Directions for this task ->
Could you repeat the entries below exactly, but only from the line with "设计方面:真我11采用金属质" through the line with "In view of our", and without any picture?

Data to process ->
•••••
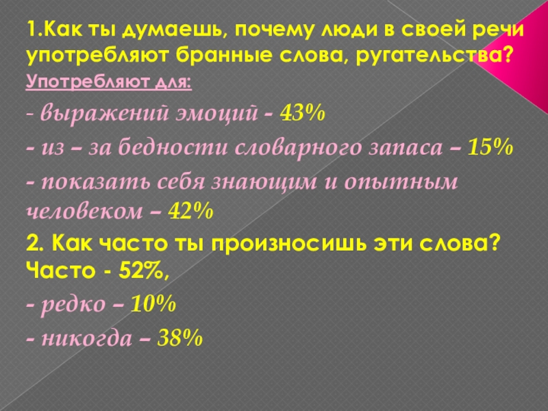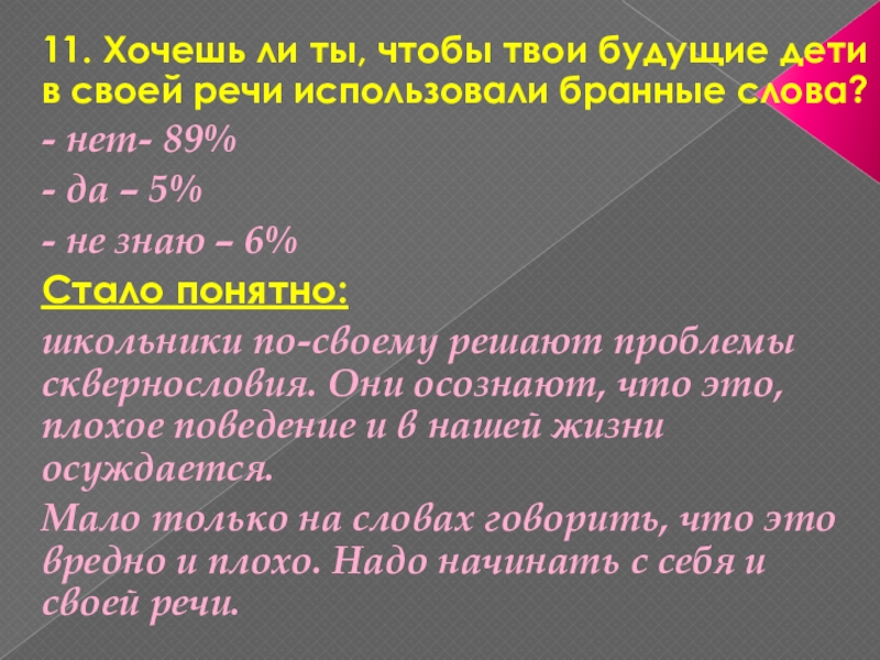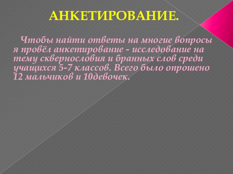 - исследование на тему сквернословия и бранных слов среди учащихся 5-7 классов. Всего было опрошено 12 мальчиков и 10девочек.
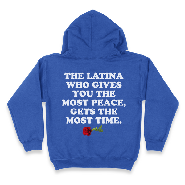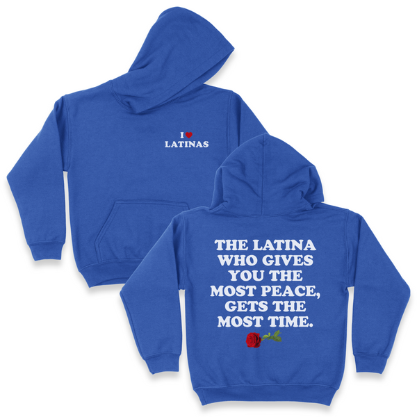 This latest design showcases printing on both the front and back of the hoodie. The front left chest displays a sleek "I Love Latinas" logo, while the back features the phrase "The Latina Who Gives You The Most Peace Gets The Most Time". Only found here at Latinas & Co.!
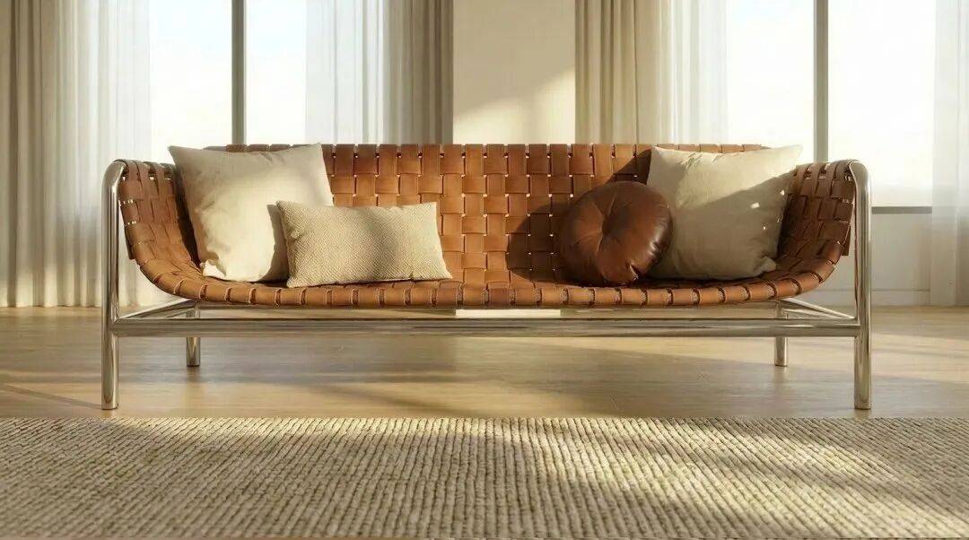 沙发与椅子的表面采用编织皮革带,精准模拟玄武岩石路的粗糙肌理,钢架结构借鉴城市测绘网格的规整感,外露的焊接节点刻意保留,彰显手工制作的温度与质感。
•••••
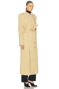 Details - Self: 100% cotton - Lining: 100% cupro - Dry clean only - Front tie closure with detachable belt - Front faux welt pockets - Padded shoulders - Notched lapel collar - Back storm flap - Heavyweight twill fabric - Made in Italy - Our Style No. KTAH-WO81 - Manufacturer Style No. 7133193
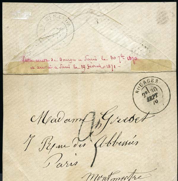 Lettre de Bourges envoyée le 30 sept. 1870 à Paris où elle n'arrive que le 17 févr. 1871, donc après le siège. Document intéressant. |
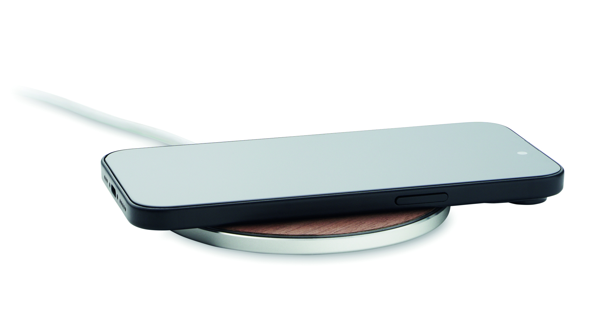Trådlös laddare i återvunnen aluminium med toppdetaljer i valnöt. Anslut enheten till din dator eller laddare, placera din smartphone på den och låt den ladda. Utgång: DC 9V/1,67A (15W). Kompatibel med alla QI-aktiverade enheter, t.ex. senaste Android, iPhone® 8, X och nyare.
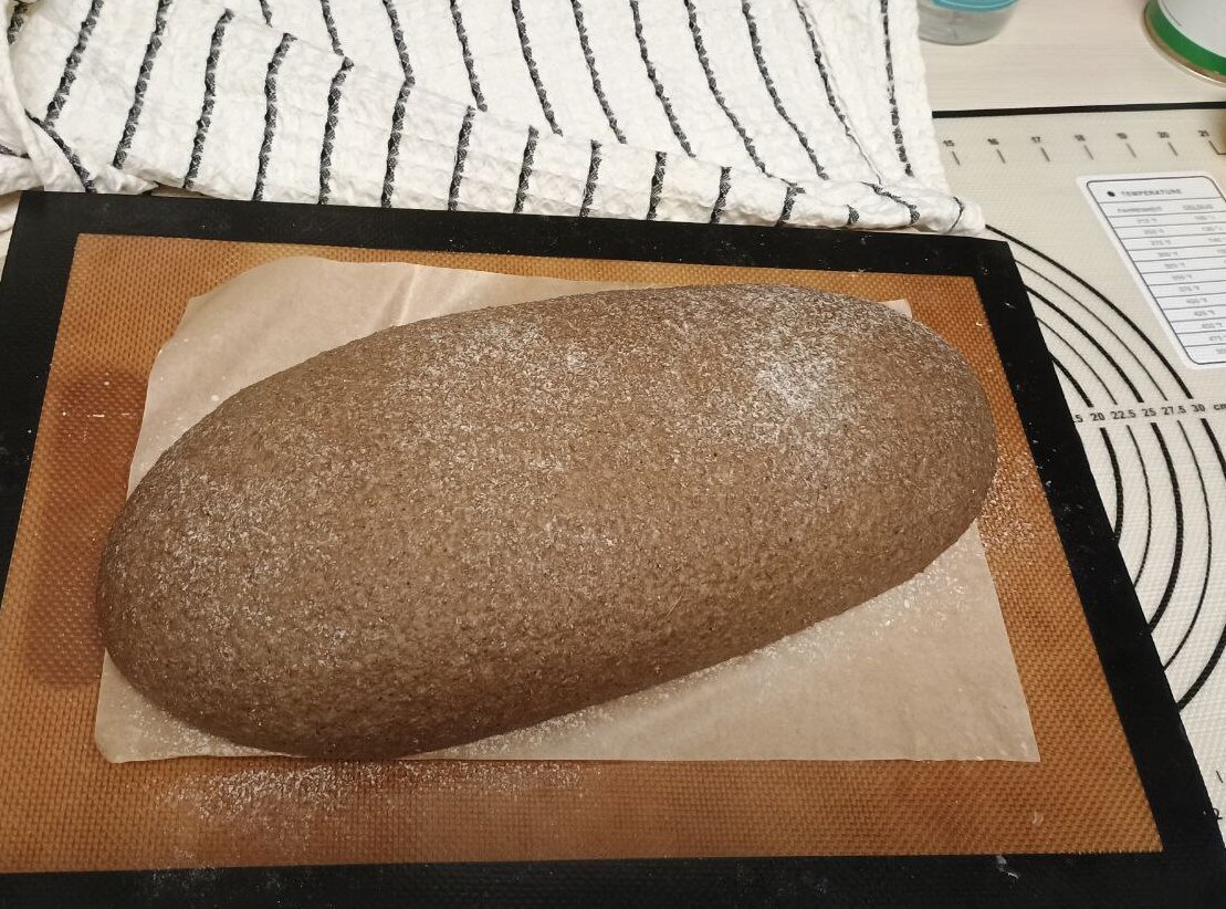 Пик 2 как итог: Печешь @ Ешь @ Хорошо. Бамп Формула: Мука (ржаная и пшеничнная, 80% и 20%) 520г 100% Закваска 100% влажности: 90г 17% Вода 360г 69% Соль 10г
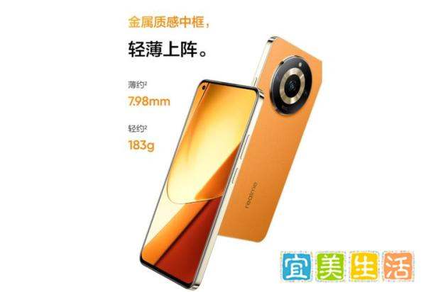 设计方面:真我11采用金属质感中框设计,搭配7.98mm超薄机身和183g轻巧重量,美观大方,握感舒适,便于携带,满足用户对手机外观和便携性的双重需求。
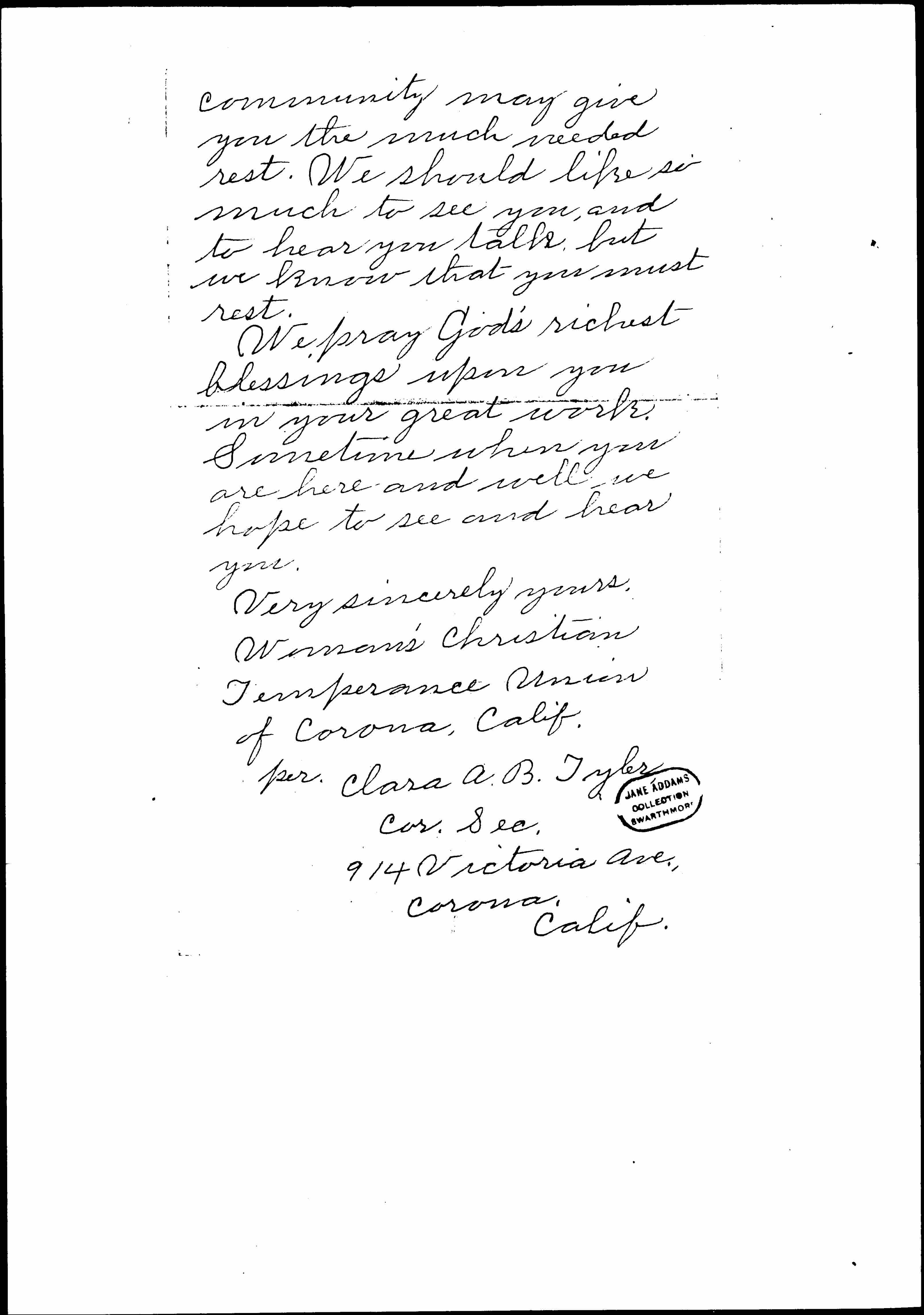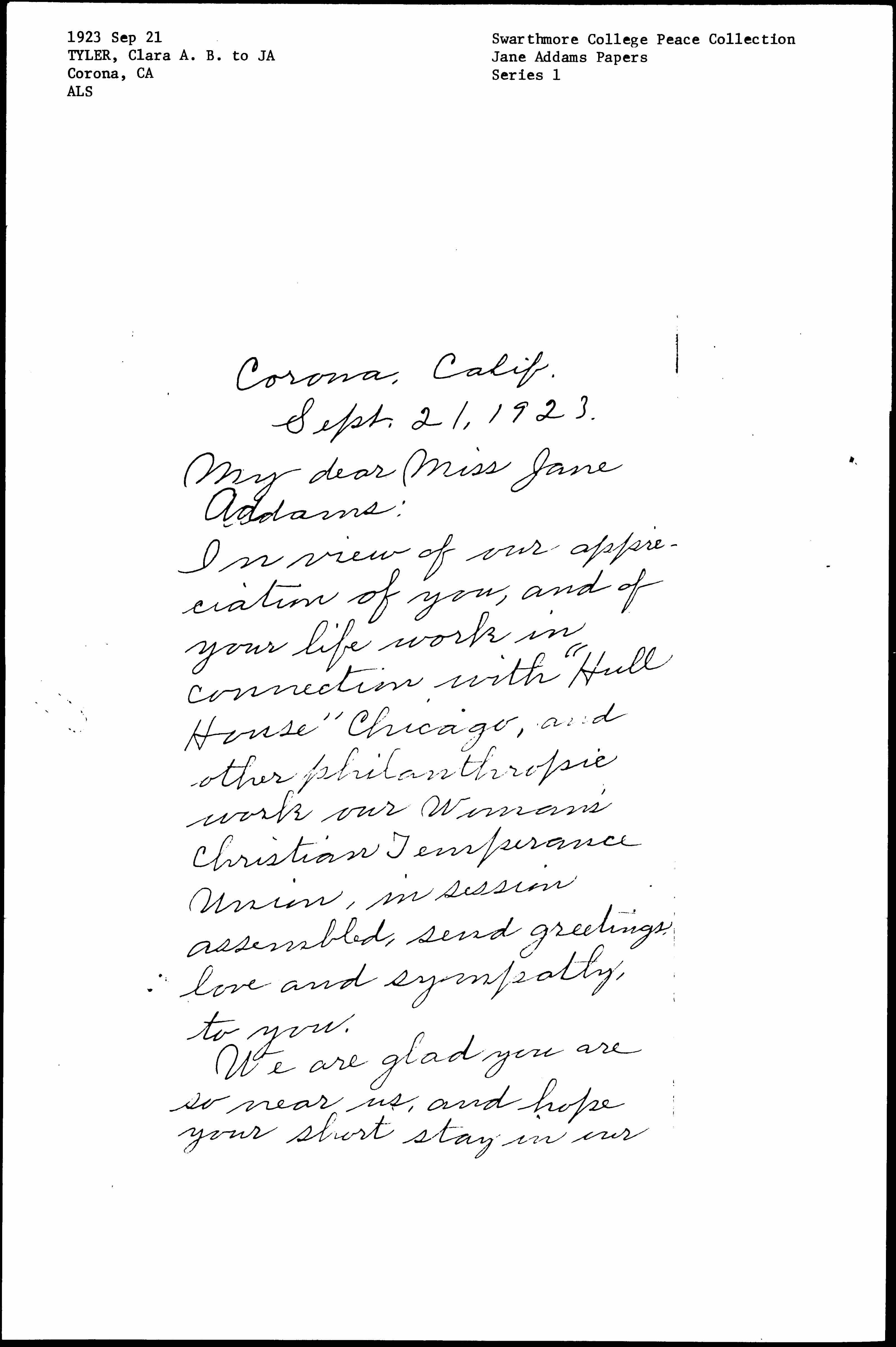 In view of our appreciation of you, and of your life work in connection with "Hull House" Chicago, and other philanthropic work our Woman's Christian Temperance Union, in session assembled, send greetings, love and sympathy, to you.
•••••
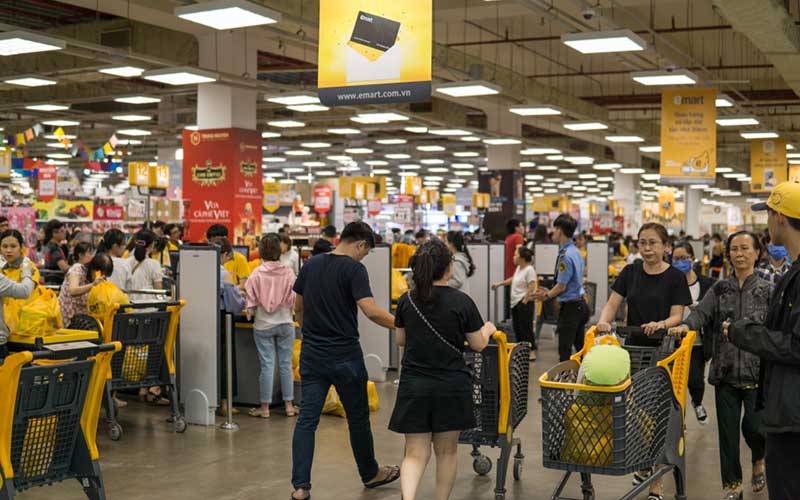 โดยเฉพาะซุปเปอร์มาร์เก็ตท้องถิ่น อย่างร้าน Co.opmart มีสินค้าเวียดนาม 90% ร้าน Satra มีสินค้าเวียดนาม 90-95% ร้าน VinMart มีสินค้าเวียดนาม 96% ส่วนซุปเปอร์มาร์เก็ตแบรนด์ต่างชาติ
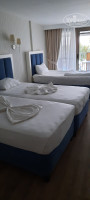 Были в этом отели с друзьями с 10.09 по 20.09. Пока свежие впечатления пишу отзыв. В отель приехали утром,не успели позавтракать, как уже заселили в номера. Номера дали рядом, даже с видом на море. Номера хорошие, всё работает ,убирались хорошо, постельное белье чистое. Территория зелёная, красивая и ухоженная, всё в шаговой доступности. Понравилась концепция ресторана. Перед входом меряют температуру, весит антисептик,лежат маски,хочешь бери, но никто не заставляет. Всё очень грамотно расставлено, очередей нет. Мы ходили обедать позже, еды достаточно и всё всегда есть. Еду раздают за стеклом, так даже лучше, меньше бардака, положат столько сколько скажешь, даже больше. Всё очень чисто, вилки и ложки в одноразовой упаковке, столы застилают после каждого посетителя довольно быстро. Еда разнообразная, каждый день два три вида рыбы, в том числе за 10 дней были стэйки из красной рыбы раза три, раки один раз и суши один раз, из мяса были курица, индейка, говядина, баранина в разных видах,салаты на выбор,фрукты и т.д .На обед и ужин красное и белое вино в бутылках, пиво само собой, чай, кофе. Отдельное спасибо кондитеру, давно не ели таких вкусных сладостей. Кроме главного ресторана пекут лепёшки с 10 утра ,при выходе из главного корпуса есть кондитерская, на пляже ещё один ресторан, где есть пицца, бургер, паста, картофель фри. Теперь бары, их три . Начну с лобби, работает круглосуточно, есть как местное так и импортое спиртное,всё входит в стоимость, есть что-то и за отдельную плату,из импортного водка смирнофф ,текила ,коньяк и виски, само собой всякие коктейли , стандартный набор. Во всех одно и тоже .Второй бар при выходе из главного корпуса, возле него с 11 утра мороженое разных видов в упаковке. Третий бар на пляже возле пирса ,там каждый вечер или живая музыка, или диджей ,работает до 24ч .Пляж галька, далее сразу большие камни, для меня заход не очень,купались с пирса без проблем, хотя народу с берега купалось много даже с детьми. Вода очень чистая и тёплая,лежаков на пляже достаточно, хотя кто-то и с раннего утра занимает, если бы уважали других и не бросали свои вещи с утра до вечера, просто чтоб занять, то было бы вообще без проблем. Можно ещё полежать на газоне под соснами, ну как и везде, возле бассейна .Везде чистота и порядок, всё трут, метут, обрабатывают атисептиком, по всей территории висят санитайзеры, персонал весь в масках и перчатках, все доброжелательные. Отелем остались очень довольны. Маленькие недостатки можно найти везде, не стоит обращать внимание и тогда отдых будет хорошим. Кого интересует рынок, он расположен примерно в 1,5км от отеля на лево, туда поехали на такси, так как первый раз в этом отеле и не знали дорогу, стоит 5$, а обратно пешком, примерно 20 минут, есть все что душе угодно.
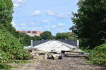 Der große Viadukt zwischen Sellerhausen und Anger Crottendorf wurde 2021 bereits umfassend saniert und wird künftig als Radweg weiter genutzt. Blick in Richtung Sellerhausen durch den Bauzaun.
•••••
Response area ->
 设计方面:真我11采用金属质感中框设计,搭配7.98mm超薄机身和183g轻巧重量,美观大方,握感舒适,便于携带,满足用户对手机外观和便携性的双重需求。
 In view of our appreciation of you, and of your life work in connection with "Hull House" Chicago, and other philanthropic work our Woman's Christian Temperance Union, in session assembled, send greetings, love and sympathy, to you.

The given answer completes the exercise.